TASK TO COMPLETE – Taking the entries below, transcribe only the lines starting with the one with "The Pesâkâstêw Solar" and going on through the one with "The Sun. Sunspot", exactly as written, without the pictures.

INFORMATION SHOWN –
────────────────
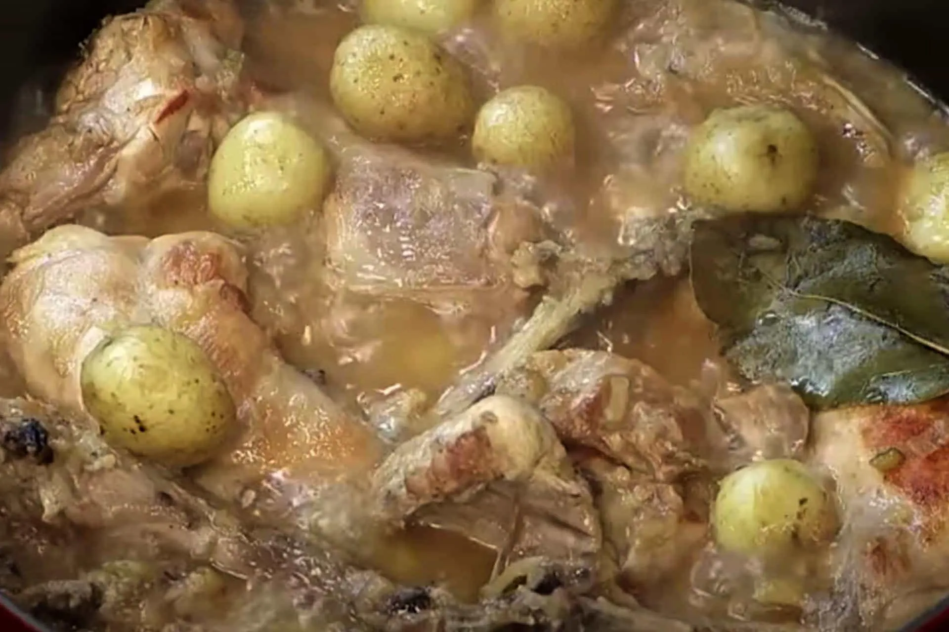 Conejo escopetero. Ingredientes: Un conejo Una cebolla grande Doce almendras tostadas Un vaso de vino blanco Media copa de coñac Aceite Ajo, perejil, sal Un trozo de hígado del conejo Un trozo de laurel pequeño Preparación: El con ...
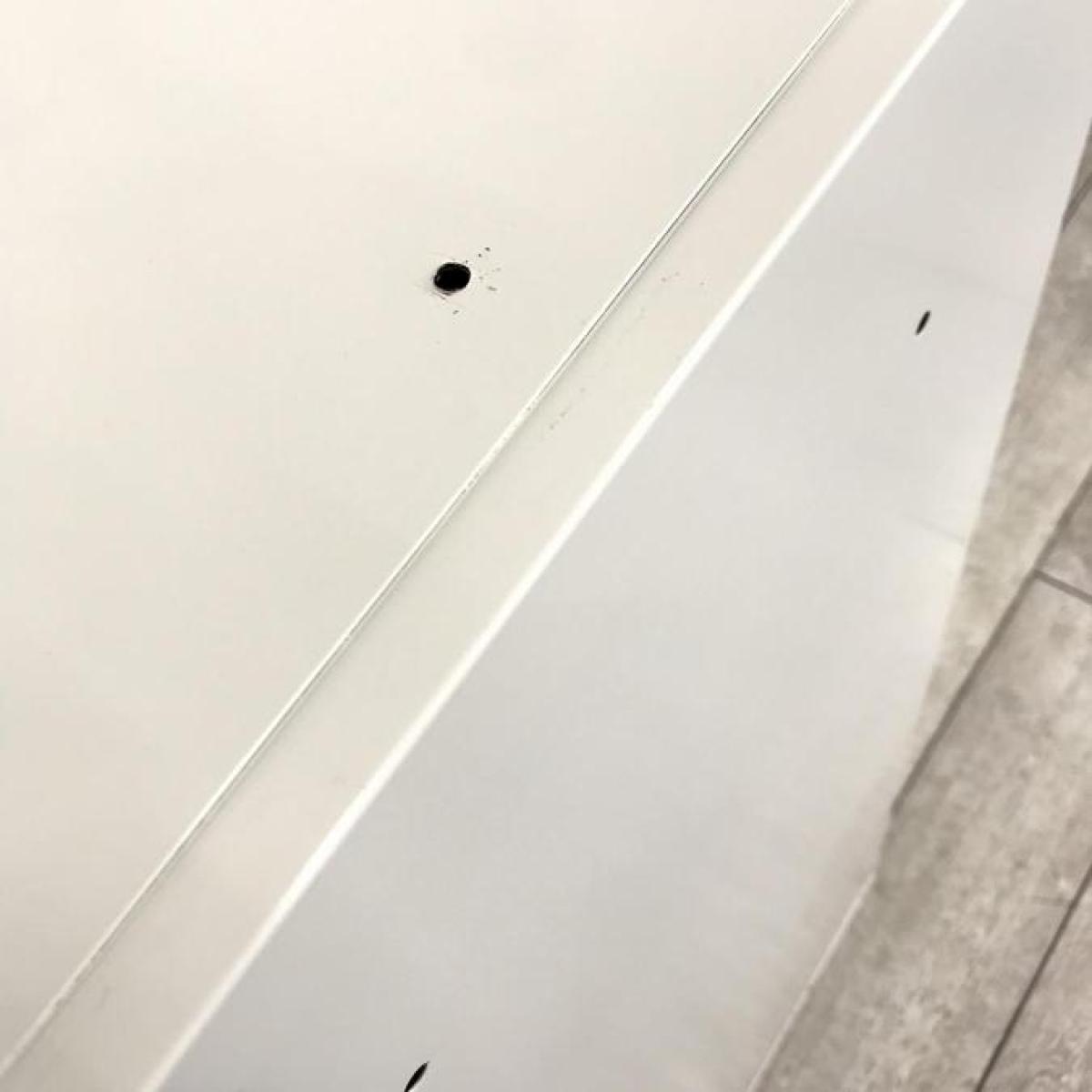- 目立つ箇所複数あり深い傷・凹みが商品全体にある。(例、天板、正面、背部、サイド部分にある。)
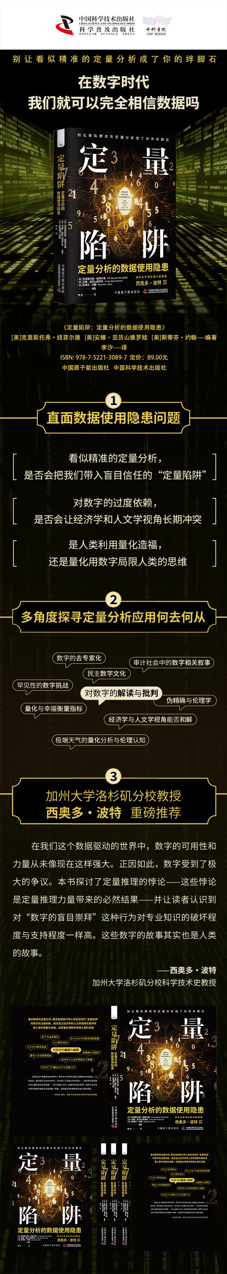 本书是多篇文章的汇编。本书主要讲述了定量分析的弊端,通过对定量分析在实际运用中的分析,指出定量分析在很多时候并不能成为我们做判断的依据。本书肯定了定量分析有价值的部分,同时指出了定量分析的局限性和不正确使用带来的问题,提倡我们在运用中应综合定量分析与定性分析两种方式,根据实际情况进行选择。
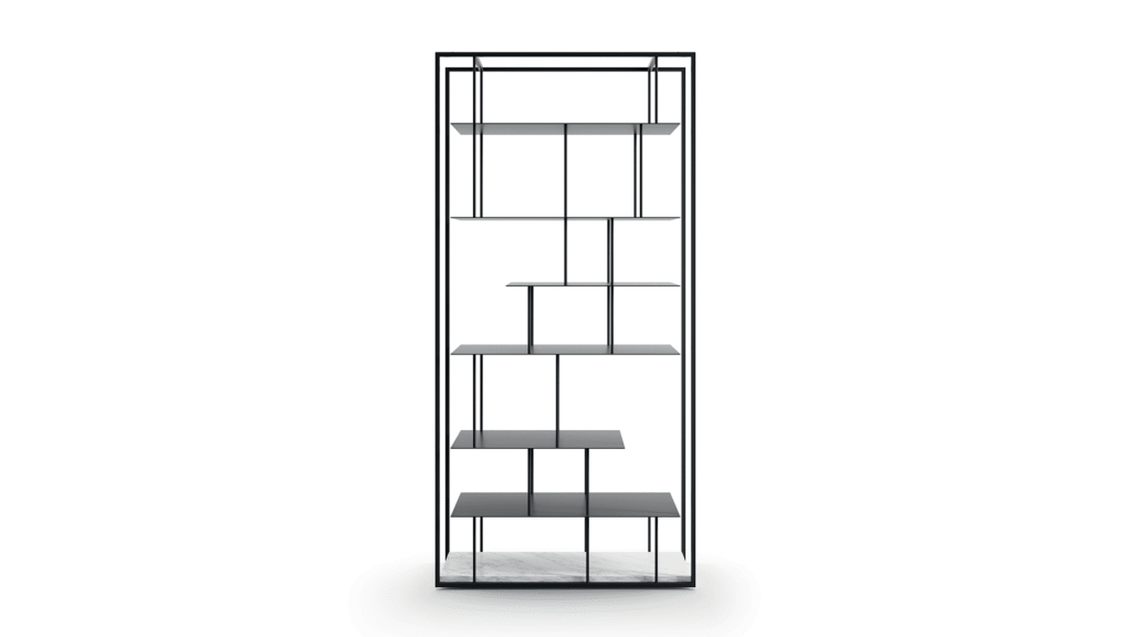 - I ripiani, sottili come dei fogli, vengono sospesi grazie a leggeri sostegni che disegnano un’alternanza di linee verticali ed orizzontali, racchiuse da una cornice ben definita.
────────────────
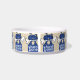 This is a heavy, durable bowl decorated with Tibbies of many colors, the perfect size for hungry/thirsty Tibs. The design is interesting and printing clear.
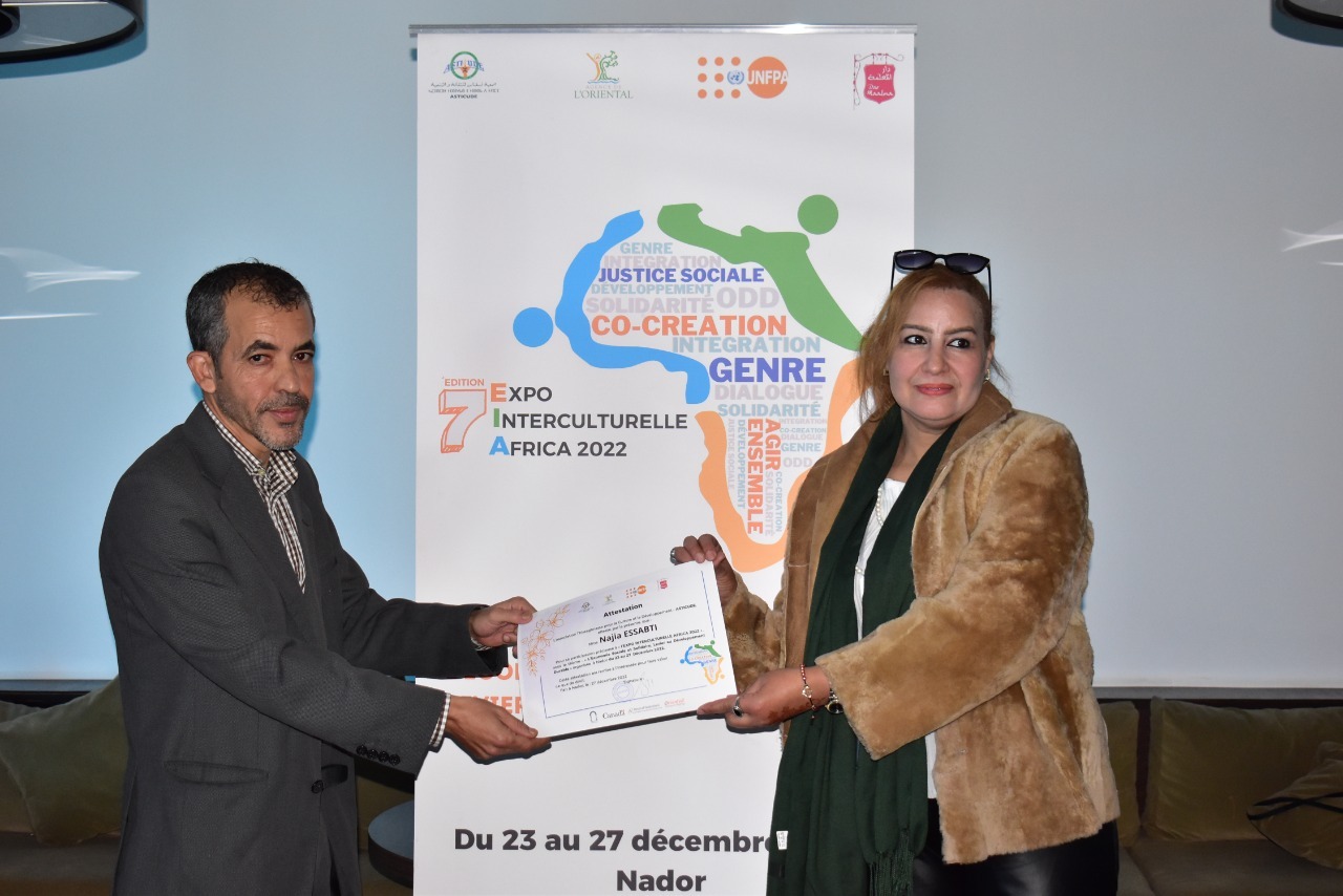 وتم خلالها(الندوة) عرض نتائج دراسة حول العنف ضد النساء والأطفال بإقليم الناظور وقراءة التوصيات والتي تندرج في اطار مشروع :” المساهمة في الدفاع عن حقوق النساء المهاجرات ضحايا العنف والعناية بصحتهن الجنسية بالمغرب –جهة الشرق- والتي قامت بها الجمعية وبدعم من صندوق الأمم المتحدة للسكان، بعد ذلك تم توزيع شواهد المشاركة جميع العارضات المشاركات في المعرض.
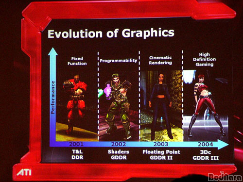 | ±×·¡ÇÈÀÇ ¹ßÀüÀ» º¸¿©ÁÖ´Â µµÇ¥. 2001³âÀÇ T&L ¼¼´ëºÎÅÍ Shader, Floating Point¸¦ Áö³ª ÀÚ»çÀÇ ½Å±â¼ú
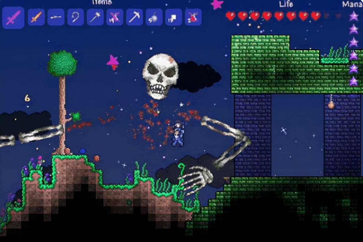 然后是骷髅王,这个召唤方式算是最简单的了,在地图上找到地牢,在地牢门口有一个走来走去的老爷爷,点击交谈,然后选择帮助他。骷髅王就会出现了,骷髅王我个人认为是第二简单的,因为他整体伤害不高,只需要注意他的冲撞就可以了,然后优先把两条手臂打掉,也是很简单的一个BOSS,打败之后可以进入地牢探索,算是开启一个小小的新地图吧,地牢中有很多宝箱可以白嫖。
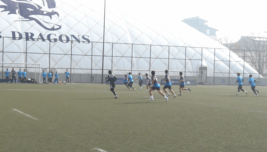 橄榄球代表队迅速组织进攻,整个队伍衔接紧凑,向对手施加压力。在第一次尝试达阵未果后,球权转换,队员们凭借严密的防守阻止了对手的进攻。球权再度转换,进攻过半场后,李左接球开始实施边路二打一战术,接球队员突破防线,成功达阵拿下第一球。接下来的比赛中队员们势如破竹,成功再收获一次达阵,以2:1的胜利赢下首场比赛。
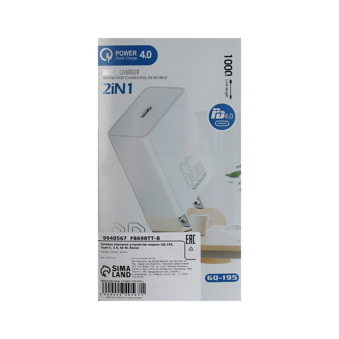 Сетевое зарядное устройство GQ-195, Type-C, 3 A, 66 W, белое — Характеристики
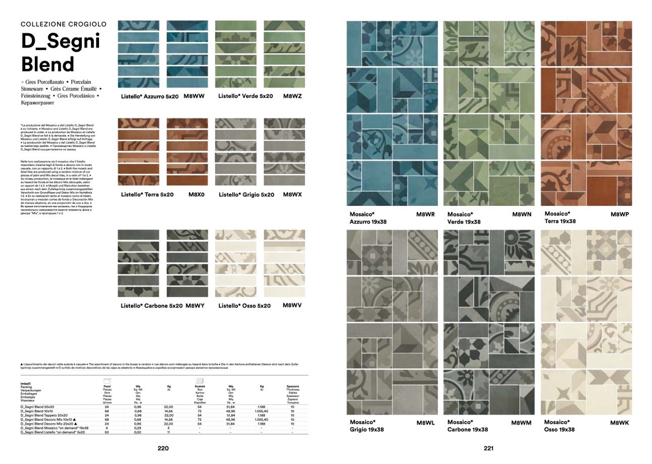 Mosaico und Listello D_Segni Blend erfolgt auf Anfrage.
────────────────
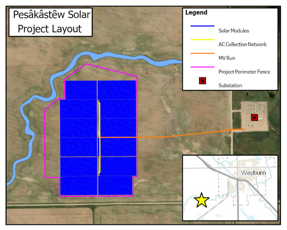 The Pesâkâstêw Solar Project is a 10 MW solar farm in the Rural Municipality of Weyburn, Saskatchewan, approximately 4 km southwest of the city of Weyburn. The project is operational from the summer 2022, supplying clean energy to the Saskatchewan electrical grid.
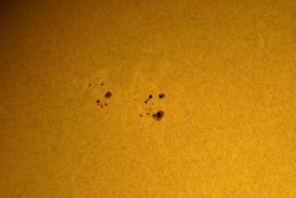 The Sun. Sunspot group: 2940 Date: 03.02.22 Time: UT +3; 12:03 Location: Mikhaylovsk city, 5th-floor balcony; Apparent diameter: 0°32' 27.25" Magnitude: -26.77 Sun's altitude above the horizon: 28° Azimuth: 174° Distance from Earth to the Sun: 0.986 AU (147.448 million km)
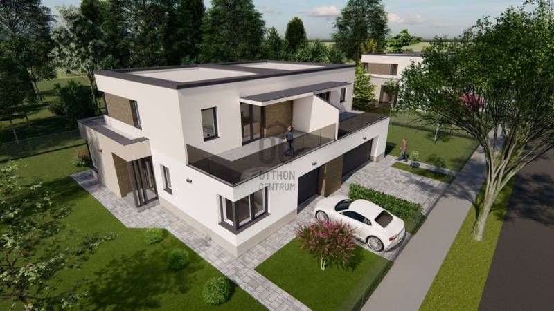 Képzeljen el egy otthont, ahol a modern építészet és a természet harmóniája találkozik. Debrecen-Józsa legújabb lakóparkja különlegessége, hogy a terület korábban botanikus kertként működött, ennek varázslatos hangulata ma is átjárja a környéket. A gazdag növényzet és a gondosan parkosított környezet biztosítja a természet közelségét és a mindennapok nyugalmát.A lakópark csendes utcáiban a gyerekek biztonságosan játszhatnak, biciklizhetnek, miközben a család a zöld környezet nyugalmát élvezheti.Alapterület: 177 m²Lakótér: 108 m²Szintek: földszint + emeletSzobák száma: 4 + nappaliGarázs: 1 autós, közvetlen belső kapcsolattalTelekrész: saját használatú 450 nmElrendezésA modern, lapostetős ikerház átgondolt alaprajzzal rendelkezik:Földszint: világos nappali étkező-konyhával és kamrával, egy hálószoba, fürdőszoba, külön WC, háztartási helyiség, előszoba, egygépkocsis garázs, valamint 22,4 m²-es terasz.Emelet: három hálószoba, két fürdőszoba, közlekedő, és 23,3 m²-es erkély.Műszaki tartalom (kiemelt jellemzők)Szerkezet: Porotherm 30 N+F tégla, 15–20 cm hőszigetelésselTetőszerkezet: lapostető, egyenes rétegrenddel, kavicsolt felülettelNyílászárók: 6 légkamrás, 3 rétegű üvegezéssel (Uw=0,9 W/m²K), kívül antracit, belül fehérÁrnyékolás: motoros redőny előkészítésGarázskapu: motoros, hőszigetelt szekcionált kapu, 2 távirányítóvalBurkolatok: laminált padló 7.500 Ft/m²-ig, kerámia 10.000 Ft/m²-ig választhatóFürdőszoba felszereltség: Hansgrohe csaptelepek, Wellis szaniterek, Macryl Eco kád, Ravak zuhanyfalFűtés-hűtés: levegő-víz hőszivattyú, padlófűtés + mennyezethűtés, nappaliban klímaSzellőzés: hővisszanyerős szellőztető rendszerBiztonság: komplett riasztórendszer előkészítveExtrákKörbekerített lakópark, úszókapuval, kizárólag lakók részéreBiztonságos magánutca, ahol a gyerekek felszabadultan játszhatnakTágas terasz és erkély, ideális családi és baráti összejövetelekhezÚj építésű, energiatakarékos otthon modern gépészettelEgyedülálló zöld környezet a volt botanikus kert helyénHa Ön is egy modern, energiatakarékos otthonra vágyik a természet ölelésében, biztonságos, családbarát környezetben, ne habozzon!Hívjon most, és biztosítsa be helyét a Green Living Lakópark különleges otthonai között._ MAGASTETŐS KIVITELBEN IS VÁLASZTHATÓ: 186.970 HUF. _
────────────────
PROBLEM SOLUTION –
 The Pesâkâstêw Solar Project is a 10 MW solar farm in the Rural Municipality of Weyburn, Saskatchewan, approximately 4 km southwest of the city of Weyburn. The project is operational from the summer 2022, supplying clean energy to the Saskatchewan electrical grid.
 The Sun. Sunspot group: 2940 Date: 03.02.22 Time: UT +3; 12:03 Location: Mikhaylovsk city, 5th-floor balcony; Apparent diameter: 0°32' 27.25" Magnitude: -26.77 Sun's altitude above the horizon: 28° Azimuth: 174° Distance from Earth to the Sun: 0.986 AU (147.448 million km)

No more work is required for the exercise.